Le drépanocytaire SS présente souffre d'une anémie chronique hémolytique parfois associée à une microcytose ou à
une α thalassémie. Elle s'aggrave lors des crises et apparaît quand le taux de HbF diminue, s’accompagnant d’une
surcharge du Système Réticulo-Endothélial (SRE) responsable d’une splénomégalie: une anémie aigue par
séquestration massive des globules falciformés par la rate s’observe dans l’enfance (Topley et al., 1977).
Syndrome infectieux
Responsables de déshydratation, d'hypoxie, de fièvre, les infections favorisent l'apparition de crises vaso-occlusives et
de septicémies. Les complications infectieuses chez le nourrisson ou le jeune enfant homozygote, principales causes
de morbidité et de mortalité, sont dues, deux fois sur trois, aux salmonelles (plutôt qu’aux staphylocoques, qui
affectent surtout les enfants non drépanocytaires). L'explication reste hypothétique: sensibilité plus grande à l'infection
aux salmonelles de foyers d'infarctus multiples drépanocytaires? Antagonisme entre drépanocytose et staphylococcie?
(Chippaux et al., 1976).
Il n'existe pas de sensibilité particulière aux infections virales, mycobactériennes ou parasitaires. Le déficit
immunitaire des drépanocytaires explique la spécificité des bactéries tels les pneumocoques et les salmonelles (Bégué
et al., 2001; Tamouza et al., 2002). Les mécanismes de cette sensibilité sont (Pearson, 1977; Lepage et al., 2004):
- l'asplénie fonctionnelle (atrophie);
- une diminution de la capacité d'opsonisation par anomalies des lymphocytes et probablement de la voie
alternée du complément.
Les germes les plus fréquents sont les salmonelles (37%), haemophilus influenzae (16%), staphylococcus aureus
(14%), streptococcus (10%), et les pneumocoques (9%). La prophylaxie antipalustre, les vaccinations anti-typhiques,
anti-Haemophilus et anti-pneumocoques sont préconisées (Guedj, 1990; Diop et al., 1997, Bégué et al., 2001).

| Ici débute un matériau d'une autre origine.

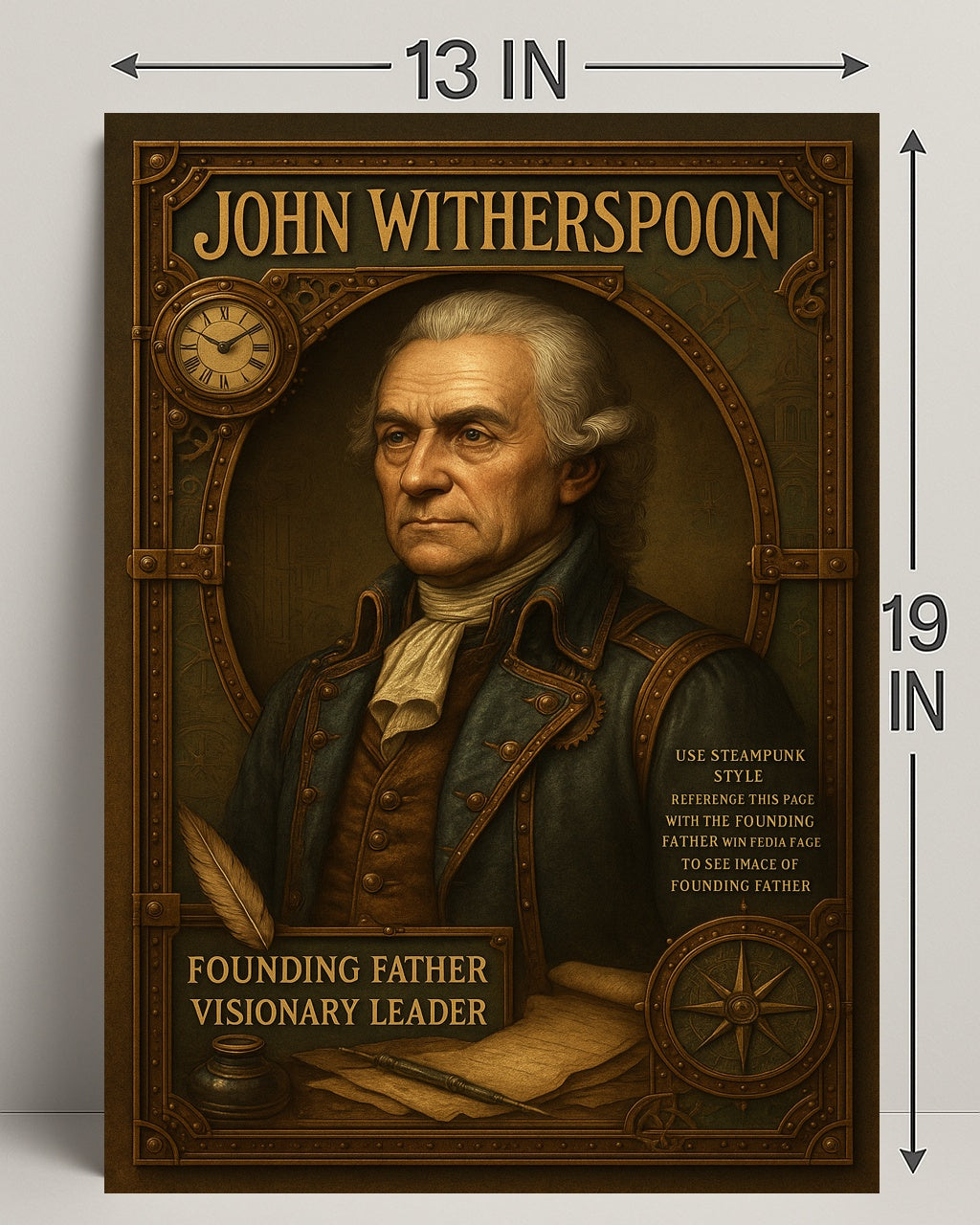 Elevate your home or office with the John Witherspoon Founding Father Poster from PosterGoat — a richly detailed, steampunk-inspired art print that celebrates an iconic figure with vintage charm and modern craftsmanship. This poster blends classical portraiture with ornate metallic accents, compass motifs and timeless typography to create a striking focal point for any wall.
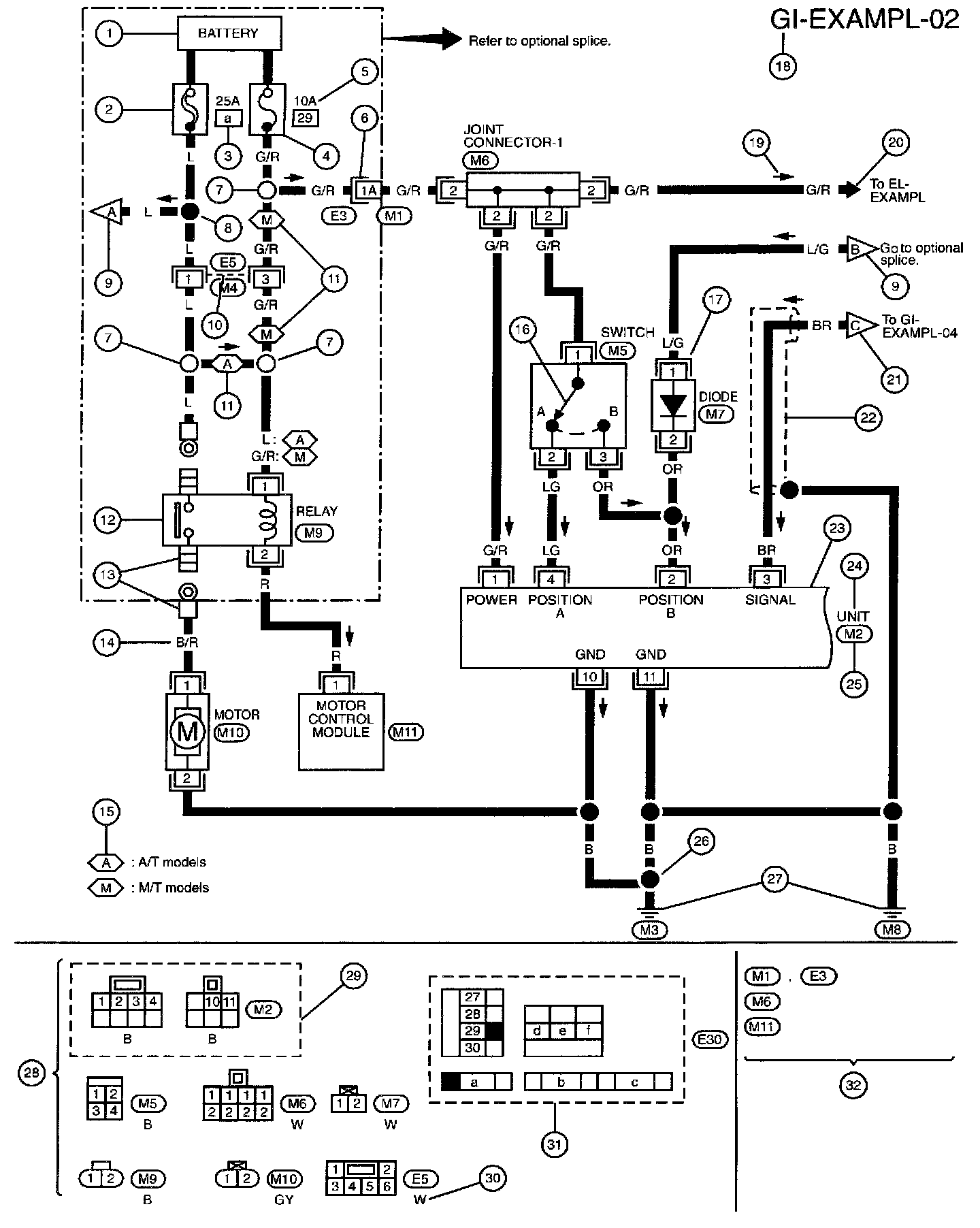 - Connector numbers in a single circle M33 indicate harness connectors.

Manifestations douloureuses, crises drépanocytaires
Une crise drépanocytaire est la conséquence de phénomènes moléculaires (polymérisation de l’HbS), cellulaires
(falciformation) et vasculaires (adhésion cellulaire; Sydenstriker, 1924; Bouaré, 2004). Une crise, évènement
épisodique imprévu, altère le confort de vie du drépanocytaire. Elle est déclenchée par l'hypoxie, la diminution du pH,
les variations de température (la fièvre, le froid), le stress, l'infection, la déshydratation. Elle peut survenir sans cause
apparente (Baum et al., 1987; Bouaré, 2004). Des phénomènes vaso occlusifs "silencieux", sans expression
douloureuse, sont responsables d’atteintes infra-cliniques à tous niveaux. Les évènements épisodiques aigus ou
"crises" constituent des urgences drépanocytaires (Cabannes et al., 1981). Ces crises douloureuses sont les premiers
motifs de consultation dans quelque 80% des cas (Serjeant et al., 1969):
- au niveau des viscères (Cabannes et al., 1981);
- au niveau des os (œdème par stase artérielle et compression des filets nerveux intramédullaires responsables
de la douleur, exacerbée par l'ischémie, Kabakele, 1974).